Lalu saya mencoba memetik sesuatu dari rutinitas itu, sebagaimana Ali bin Abi Thalib berkata, "Jikalau hikmah itu ada di dalam gunung, niscaya akan aku goncangkan gunung itu!". Baiklah, harus ada yang bisa diambil dari rutinitas tersebut.

Melewati Pasar, saya merasa sangat beruntung untuk tidak bekerja sejak dini hari dengan berkarung-karung sayuran, daging ayam, tempe, ikan asin, buah belimbing, kasur palembang, belepotan minyak goreng, kompor semawar (sejenis kompor minyak yang nyalanya sangat berisik), barisan bajaj dan lainnya.

Alhamdulillah, saya masuk kantor pukul 08.30 pagi, pun masih sering terlambat, dan masih sempat sarapan dengan baik. Saya beruntung bekerja di ruangan berpendingin udara, di hadapan komputer dan fasilitas menyenangkan lainnya, itupun masih sering mencuri-curi waktu untuk menuliskan hal ini.

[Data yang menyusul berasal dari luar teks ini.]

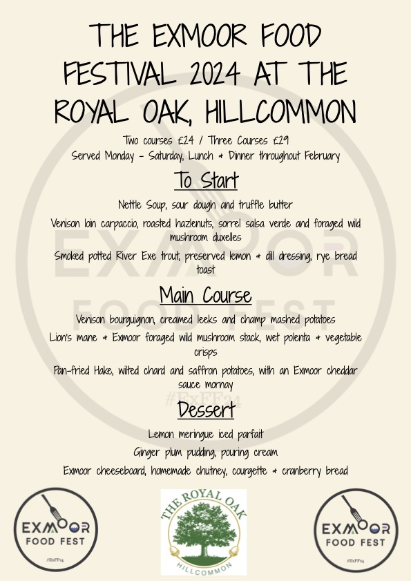 To book please call 01823 401330 or email info@theroyaloakhillcommon.co.uk and quote Exmoor Food Festival.

Melewati pemukiman rapat, saya merasa sangat beruntung untuk dapat tinggal di sebuah rumah yang bersih, berlantai ubin, dengan sanitasi dan ventilasi yang baik, jauh dari selokan yang beraroma tak sedap, tidur di atas kasur berpegas ditemani seorang Bidadari cantik dan Seorang Bayi tampan.

Melewati sebuah kios rokok, yang sarat dengan orang-orang pasar yang berdesakan menyaksikan berita pagi di sebuah televisi di dalam kios tersebut, saya merasa beruntung punya sebuah televisi 21 inc yang bisa kami nikmati sepuas-puasnya tanpa harus berdiri dengan kaki dikerubungi lalat, pun tv tersebut saya beli second.

Melewati sebuah pos ronda dengan seorang perempuan paruhbaya kumal, rambut gimbal, kulit coklat, dan sedikit seram dan bertelanjang dada meringkuk kedinginan, tapi dia tertawa cekikikan ketika saya melintas. Saya merasa sangat beruntung masih dianugerahi pikiran yang sehat wal'afiat dengan tubuh yang juga bugar dan mendapatkan asupan gizi yang cukup, pun saya masih sering tertawa terbahak-bahak untuk hal yang tidak penting.

Sampai di Jalan Raya Radio Dalam, dan menyaksikan seorang pengendara motor yang bersimbah darah karena tertabrak oleh sebuah mobil box milik sebuah swalayan yang buka 24 jam, saya merasa sangat beruntung masih diberikan keselamatan meski harus berjalan melintasi semua ngilu di sepanjang jalan. Alhamdulillah masih ada dhuha tersisa. Lalu, saya akan kembali mencari cermin dan memantulkannya ke dalam hati, pada 1000 langkah petang nanti.